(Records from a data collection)
════════

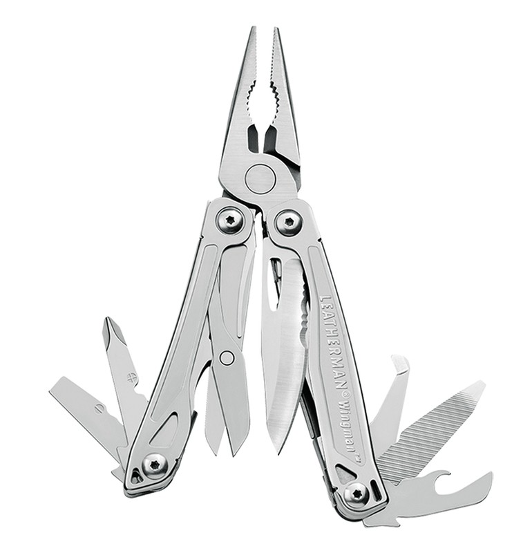 The Leatherman Wingman is just that: your go-to tool for projects around the house, on the job, or at the campsite. A great, lightweight, pocket-sized, stainless steel tool; the Wingman features an outside-accessible, one-hand opening blade and newly-designed spring-action jaws. With plenty of handy tools, and backed by a team of designers, assemblers, and manufacturing crew from Portland, Oregon, this is one amazing value. Covered by the Leatherman 25-year warranty.
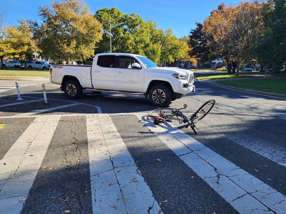 A cyclist traveling around Sherman Circle had been hit by a driver turning onto the Circle from Illinois Ave. Fortunately, the rider escaped with relatively minor injuries, but it was a scary incident and a stark reminder of the ongoing dangers to vulnerable road users here.
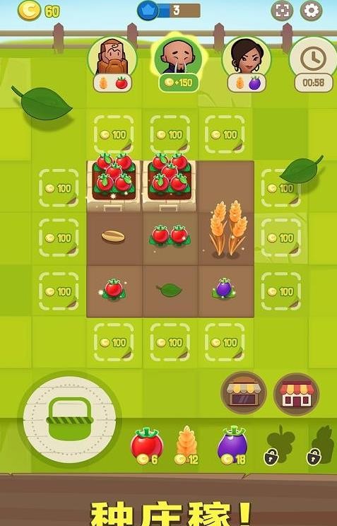 2、独特创新的游戏模式,收获作物时,会出现一个小游戏,点击的数量越多获得的作物越多。
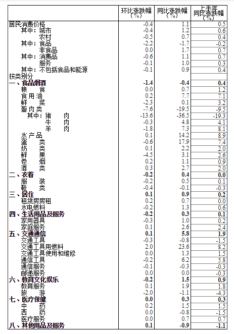 一、各類商品及服務(wù)價(jià)格同比變動(dòng)情況
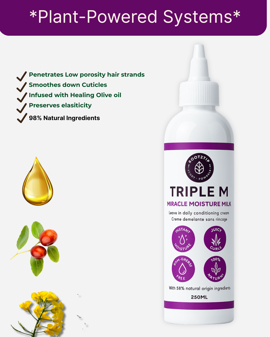 Struggling with dry, brittle hair that just won’t absorb moisture? TRIPLE M™ was made for you. This rich yet lightweight leave-in conditioning crème penetrates resistant strands and hydrates without buildup—a true game-changer for low porosity, transitioner, and natural hair types.

════════

» **Task goal**
Return the line containing "A cyclist traveling" and every line after it through the end of the records above, exactly and nothing else, but not the pictures.

» **Response box**
 A cyclist traveling around Sherman Circle had been hit by a driver turning onto the Circle from Illinois Ave. Fortunately, the rider escaped with relatively minor injuries, but it was a scary incident and a stark reminder of the ongoing dangers to vulnerable road users here.
 2、独特创新的游戏模式,收获作物时,会出现一个小游戏,点击的数量越多获得的作物越多。
 一、各類商品及服務(wù)價(jià)格同比變動(dòng)情況
 Struggling with dry, brittle hair that just won’t absorb moisture? TRIPLE M™ was made for you. This rich yet lightweight leave-in conditioning crème penetrates resistant strands and hydrates without buildup—a true game-changer for low porosity, transitioner, and natural hair types.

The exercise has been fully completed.